First Gentleman of São Paulo
- In office 20 September 2003 – 1 January 2005
- Mayor: Marta Suplicy
- Preceded by: Eduardo Suplicy
- Succeeded by: Mónica Serra (as First Lady)

Personal details
- Born: Felipe Belisario Wermus 1949 (age 76–77) Buenos Aires, Argentina
- Party: PT (since 1986)
- Spouse: Marta Suplicy ​ ​(m. 2003; div. 2009)​
- Children: 2
- Relatives: Jorge Altamira (brother)

= Luis Favre =

Argentine-born Brazilian journalist and political activist (born 1949)

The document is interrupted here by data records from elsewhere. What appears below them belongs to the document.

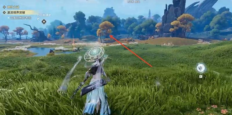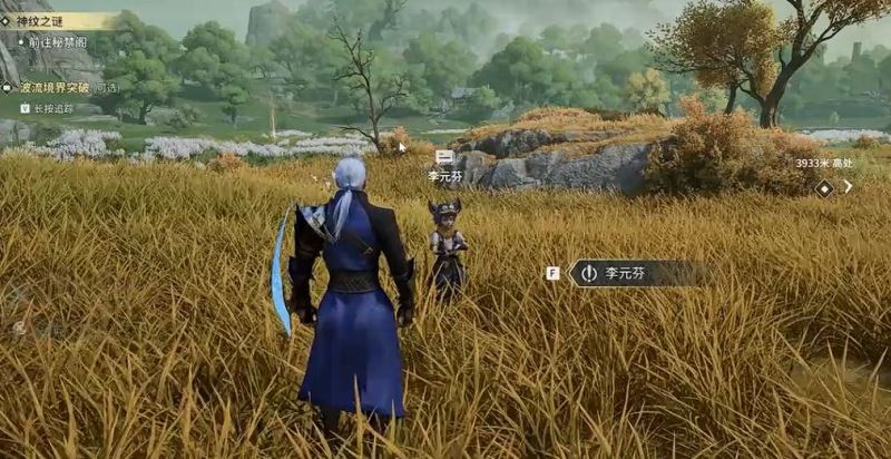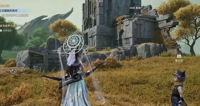 视角转向北偏西方向,在伽罗射箭处附近的树下找到NPC李元芬,与其对话开启任务。
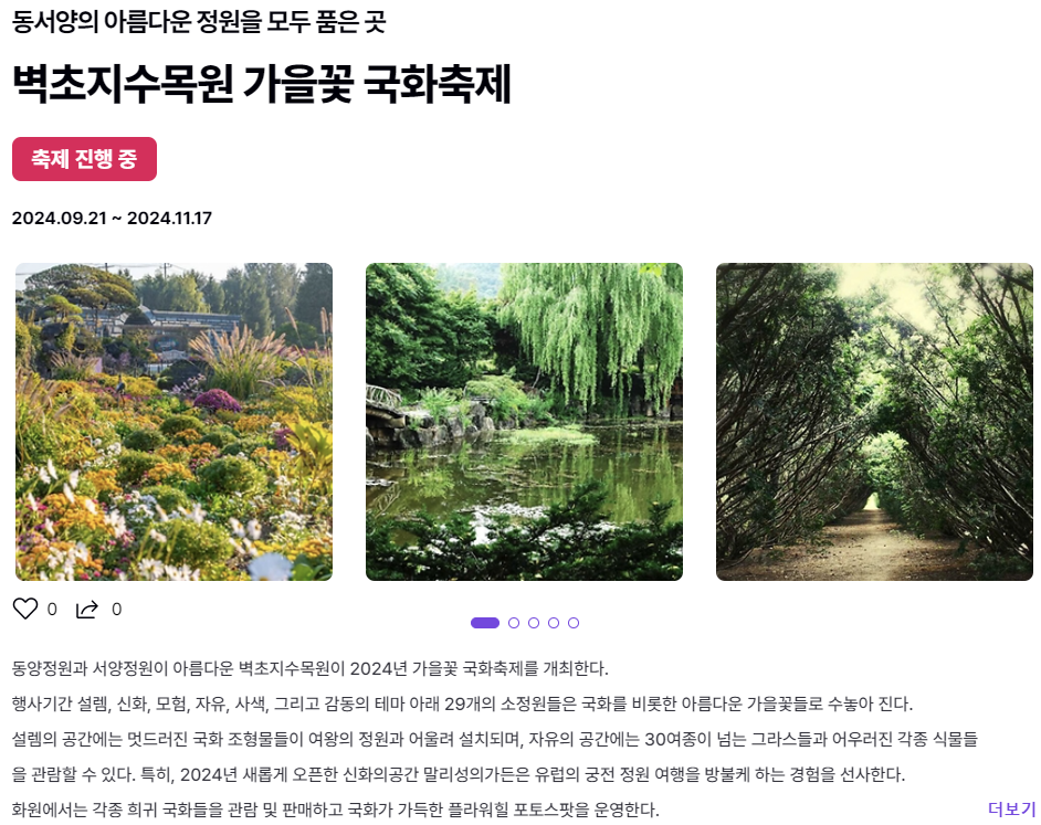 - 주요 내용: 벽초지수목원에서 열리는 국화축제는 다양한 국화꽃과 함께 소정원들이 꾸며진 아름다운 축제입니다. 가을의 끝자락까지 이어지는 이 축제는 가을꽃을 사랑하는 이들에게 완벽한 선택입니다.
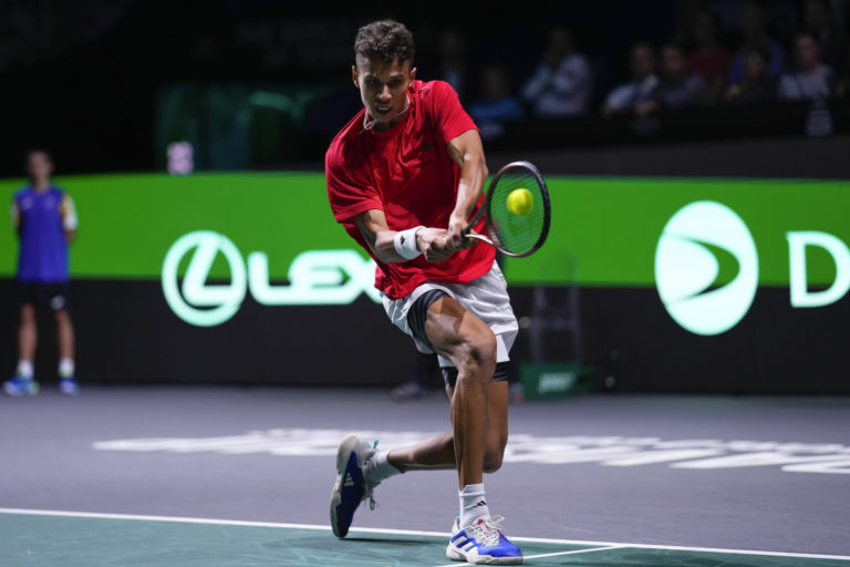 Kanadský tenista Gabriel Diallo počas zápasu proti Fínovi Ottovi Virtanenovi vo štvrťfinále Davis Cupu v španielskej Malage. Foto: SITA/AP.
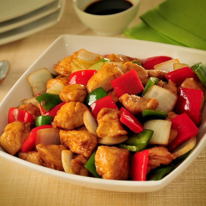Delicioso e suculento Frango Xadrez,Dos mais tradicionais da cozinha oriental, este prato combina: cubinhos de frango com pimentões verde e vermelho, cebola e amendoim (opcional)
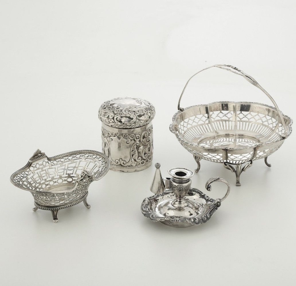 Lotto composto da cestino tondo, cestino ovale scatolina e bugia, Inghilterra XIX-XX [..]
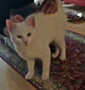 Kater MERLIN ist ca. 1 Jahr alt. Er hat ein komplett weißes Fell und gelbe Augen. Er ist normalerweise Freigänger und Fremden gegenüber sehr zutraulich.
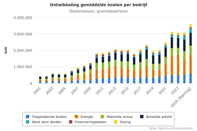 Door een voorjaar met veel zonuren zijn de producties voor alle gewassen gestegen. De verwachting is dat de economische opbrengsten per gemiddeld glasgroentebedrijf met bijna 10% zijn gestegen ten opzichte van 2024, maar dat de betaalde kosten en afschrijvingen met 15,5% zijn gestegen.
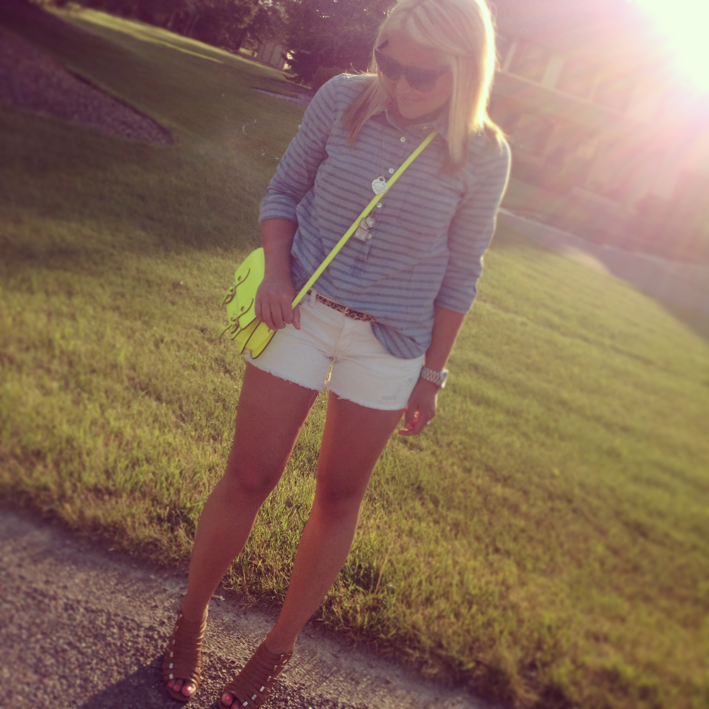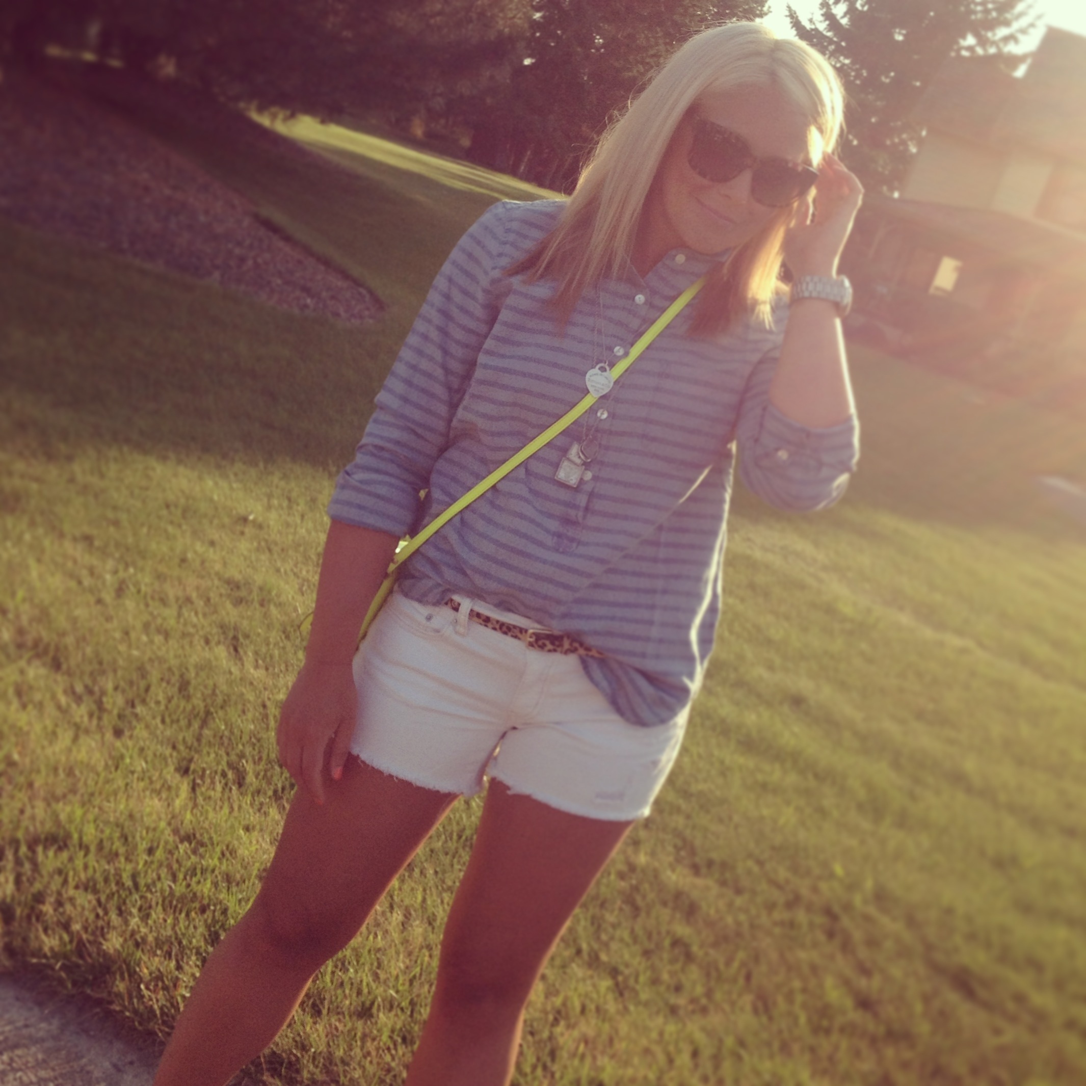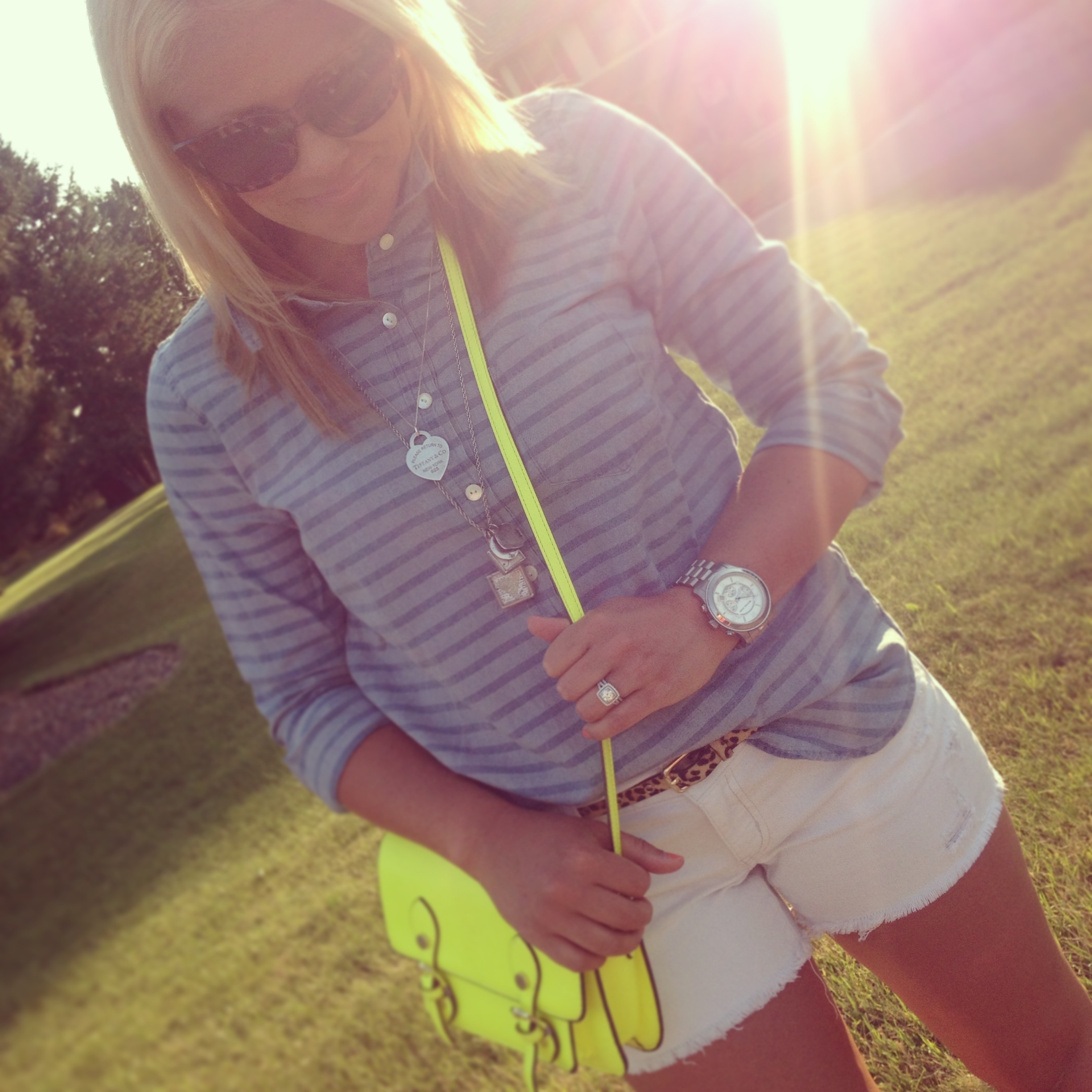 Striped Chambay: JCrew (on sale!) | Shorts: American Eagle (old), similar | Necklaces: Personal Collection of Charms, Tiffany and Co. | Watch: Michael Kors | Sunnies: Gap | Wedges: INC
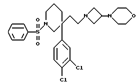 ПРИМЕР 113-(3,4-Дихлорфенил)-3-(2-[3-морфолиноазетидин-1-ил] этил)-1- фенилсульфонилпиперидин ![]() Это соединение получают способом, сходным со способом, используемым в ПРИМЕРЕ 9, с применением мезилата, полученного в ПОЛУЧЕНИИ 45. LRMS (m/z) 538 (М+1)+. Найдено: C 57,26; H 6,01; N 7,97. C26H33Cl2 N3O3S 0,1CH2Cl2Рассчитано: C 57,31; H 6,11; N 7,68%. 1H-NMR(CDCl3): = 1.5-1.9 (m, 6H), 1.95-2.1 (m,1H), 2.15-2.3 (m,5H), 2.7-3.0 (m, 5H), 3.1-3.2 (m,1H), 3.3-3.5 (m,2H), 3.55-3.75 (m, 5H), 7.2-7.3 (m, 1H), 7.35-7.45 (m, 2H), 7.5-7.65 (m, 3H), 7.7-7.8 (m, 2H).
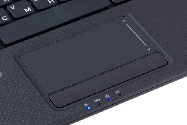 Остальные индикаторы расположены перед тачпадом. При работе их превосходно видно, если смотреть сбоку, то можно увидеть их и при закрытой крышке. Индикаторов четыре: работа ноутбука (горит синим при работе, мигает в режиме сна), индикатор заряда батареи, индикатор обращения к диску и индикатор беспроводных сетей. Диоды хорошо читаются при работе с ноутбуком.
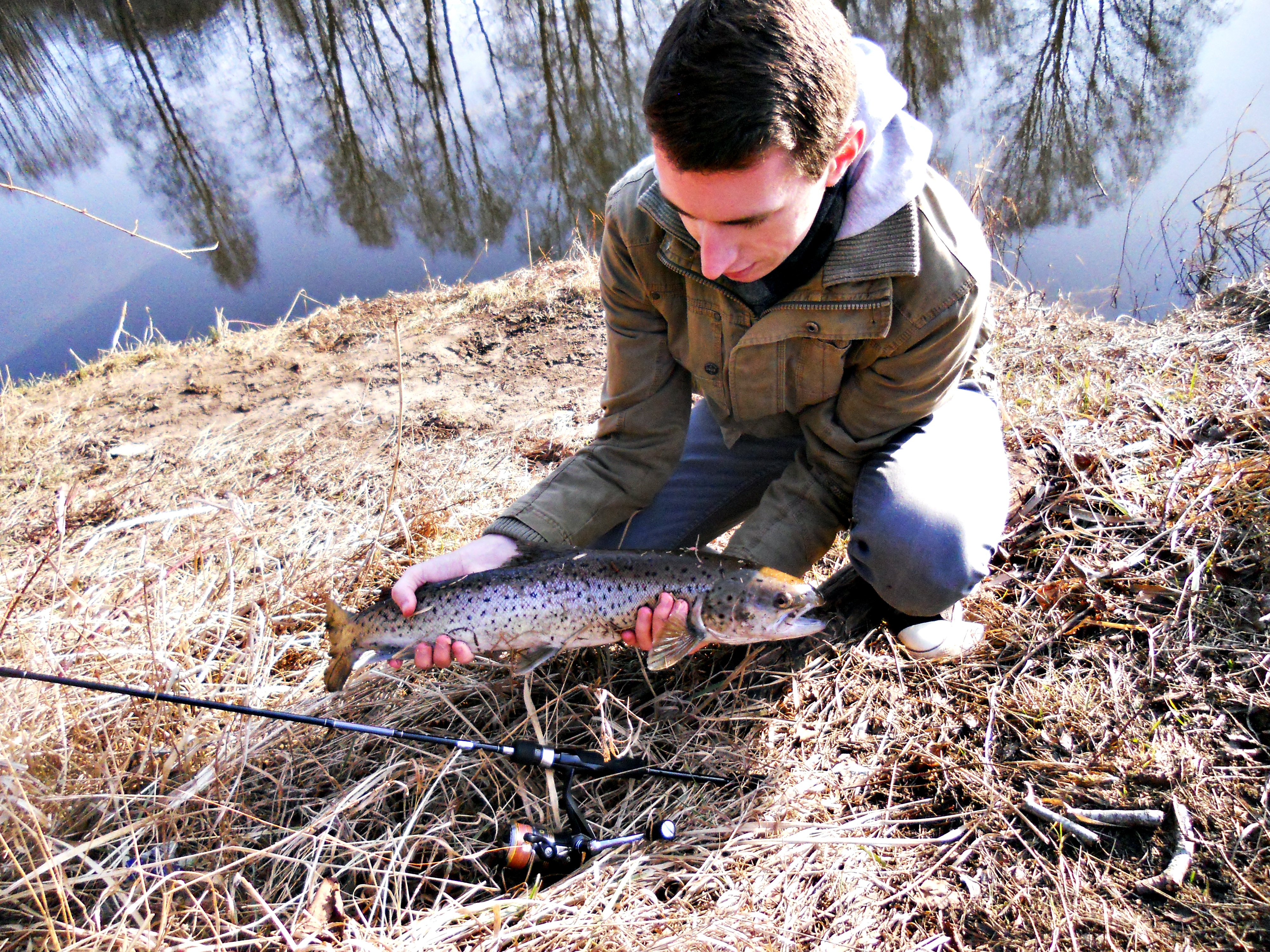 Na o pirmadienį jau su spiningais prie upės. Vanduo žemas, žiedai šąla. Bet gaudom. Pakilus saulutei nugarą pradėjo visai maloniai šildyti. O apie pietūs ir ilgai lauktas kibimas. Smagi kova ir 62cm, 1,96kg šlakis krante. Atiduota duoklė objektyvams ir žuvis, žinoma, keliauja atgal.

Luis Favre (born in Buenos Aires, Argentina 1949) is the pseudonym of Argentine-born Brazilian journalist and political activist Felipe Belisario Wermus. Favre joined the political party Politica Obrera as a young man. Later, he moved to France and became a member of the Internationalist Communist Organisation (ICO), working especially in its international department. He moved to Brazil and became a critic of Pierre Lambert during the Fourth International tendency within ICO. He would later leave the party to become a member of the Partido dos Trabalhadores (PT). He is known to a broader public in Brazil as the second husband of Marta Smith de Vasconcelos Suplicy, former congresswoman and mayor of São Paulo through PT. Since 1986 he has been an aide to the National Secretariat of International Relations of PT, attending various international events on its behalf. He is linked to a group of former Trotskyists within PT known colloquially as the "Libelu" (named after their tendency, "Liberdade e Luta" or "Freedom and Fight"), which supports Luiz Inácio Lula da Silva's wing.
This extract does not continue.